> **Material provided**

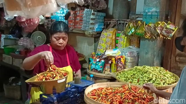Pantauan detikJatim di pasar tradisional Kota Bojonegoro, harga cabai rawit tembus Rp 115 ribu per kilogram. Padahal, sebelum Ramadan harga cabai berkisar Rp 80 ribu per kilogram.
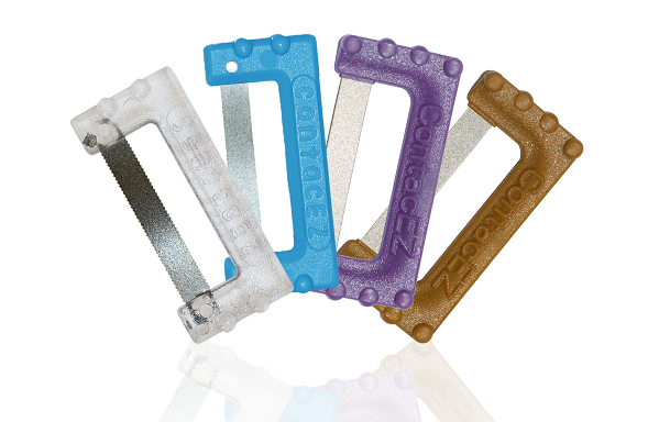 Handhållen stripsbygel för ortodontisk stripping. Oumbärligt hjälpmedel för IPR inför clear aligners som t ex Invisalign, Clear Correct med flera.
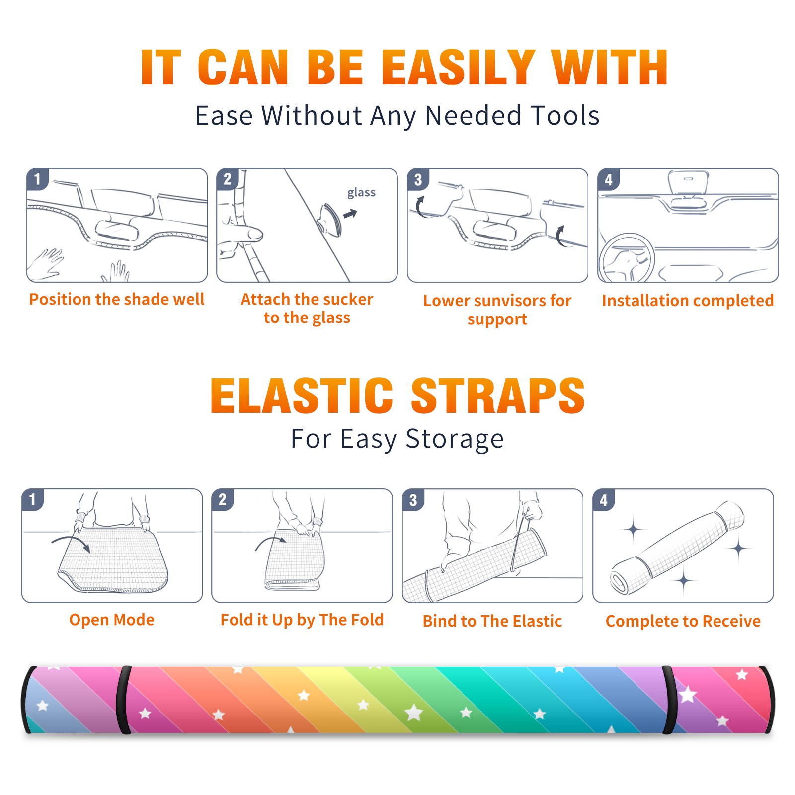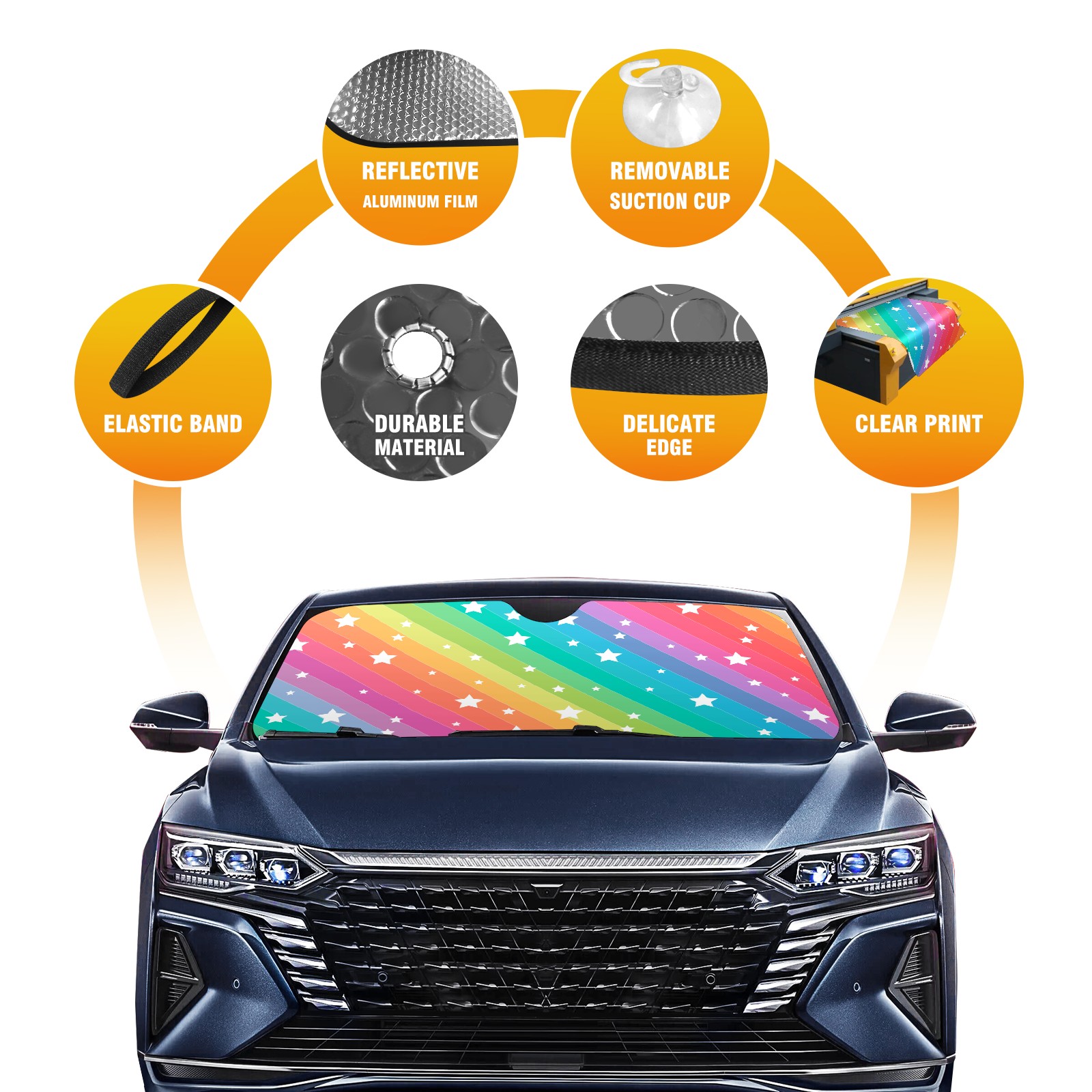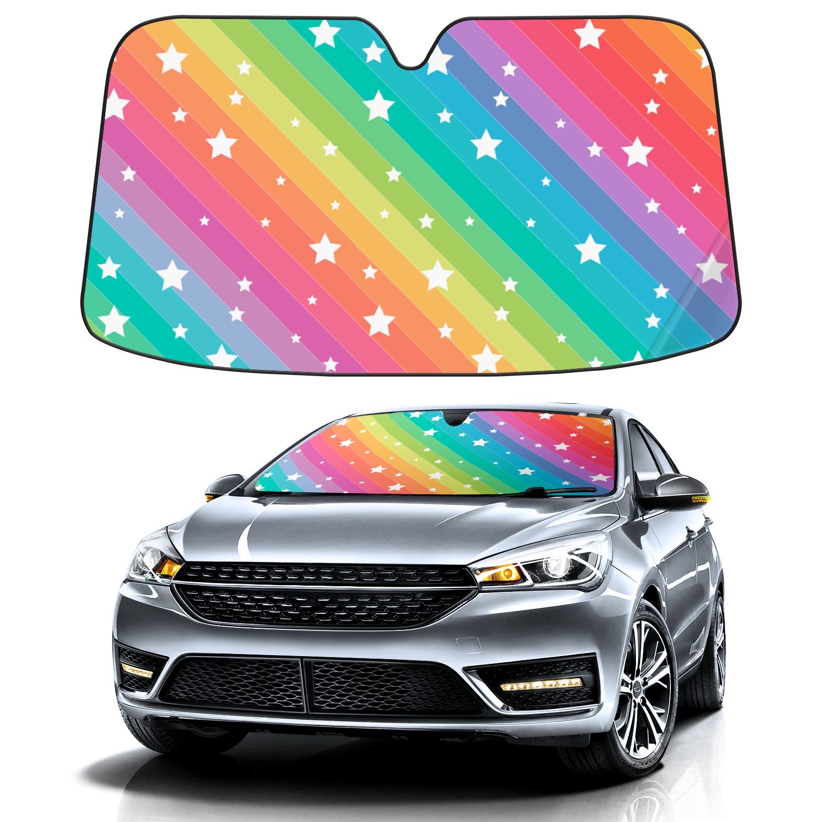 Car Windshield Sun Shade For Front Window Rainbow Star Foldable Vehicle Windshield Car Sun Visor Covers Automotive Window Protector Car Camping Privacy Sun Blocker

> **What the task requires**
Faithful copy, images left out: write out every line of data.

> **Your solution**
Pantauan detikJatim di pasar tradisional Kota Bojonegoro, harga cabai rawit tembus Rp 115 ribu per kilogram. Padahal, sebelum Ramadan harga cabai berkisar Rp 80 ribu per kilogram.
 Handhållen stripsbygel för ortodontisk stripping. Oumbärligt hjälpmedel för IPR inför clear aligners som t ex Invisalign, Clear Correct med flera.
 Car Windshield Sun Shade For Front Window Rainbow Star Foldable Vehicle Windshield Car Sun Visor Covers Automotive Window Protector Car Camping Privacy Sun Blocker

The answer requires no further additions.